> _Exercise goal_
For the listing below, return the line containing "Mozzafiato Sopra, una", the line containing "282 海老入りニラ餃子 ¥500", and all lines in between, exactly as written and nothing else.
[Data excerpts]
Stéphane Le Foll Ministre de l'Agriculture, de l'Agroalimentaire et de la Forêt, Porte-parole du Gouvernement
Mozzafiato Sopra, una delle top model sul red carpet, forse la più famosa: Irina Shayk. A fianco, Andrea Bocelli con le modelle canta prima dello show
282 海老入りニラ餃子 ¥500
[/Data excerpts]
[Data excerpts]
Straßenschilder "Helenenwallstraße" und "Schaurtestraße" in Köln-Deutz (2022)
[/Data excerpts]
[Data excerpts]
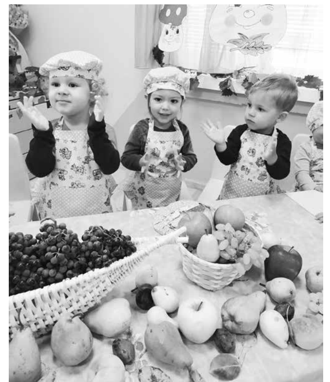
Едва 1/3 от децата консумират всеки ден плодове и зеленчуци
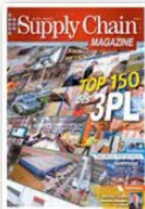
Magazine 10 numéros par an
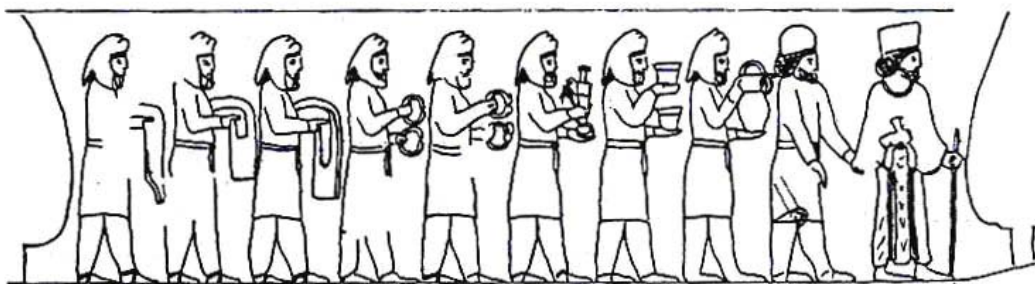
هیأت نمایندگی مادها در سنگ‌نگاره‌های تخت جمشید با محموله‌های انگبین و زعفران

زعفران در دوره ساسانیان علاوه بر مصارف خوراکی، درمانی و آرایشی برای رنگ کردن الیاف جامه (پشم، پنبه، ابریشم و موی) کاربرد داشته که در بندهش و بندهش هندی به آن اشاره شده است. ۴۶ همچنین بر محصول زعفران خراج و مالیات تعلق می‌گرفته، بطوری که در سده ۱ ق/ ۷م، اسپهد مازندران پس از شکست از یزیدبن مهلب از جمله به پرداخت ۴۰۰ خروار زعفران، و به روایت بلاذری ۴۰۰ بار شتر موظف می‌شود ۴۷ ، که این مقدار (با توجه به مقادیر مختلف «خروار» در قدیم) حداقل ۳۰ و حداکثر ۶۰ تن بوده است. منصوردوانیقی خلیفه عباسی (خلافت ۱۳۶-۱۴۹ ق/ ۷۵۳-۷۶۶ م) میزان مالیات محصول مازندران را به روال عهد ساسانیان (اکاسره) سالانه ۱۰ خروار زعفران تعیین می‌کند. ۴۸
[/Data excerpts]
> _Reply_
Mozzafiato Sopra, una delle top model sul red carpet, forse la più famosa: Irina Shayk. A fianco, Andrea Bocelli con le modelle canta prima dello show
282 海老入りニラ餃子 ¥500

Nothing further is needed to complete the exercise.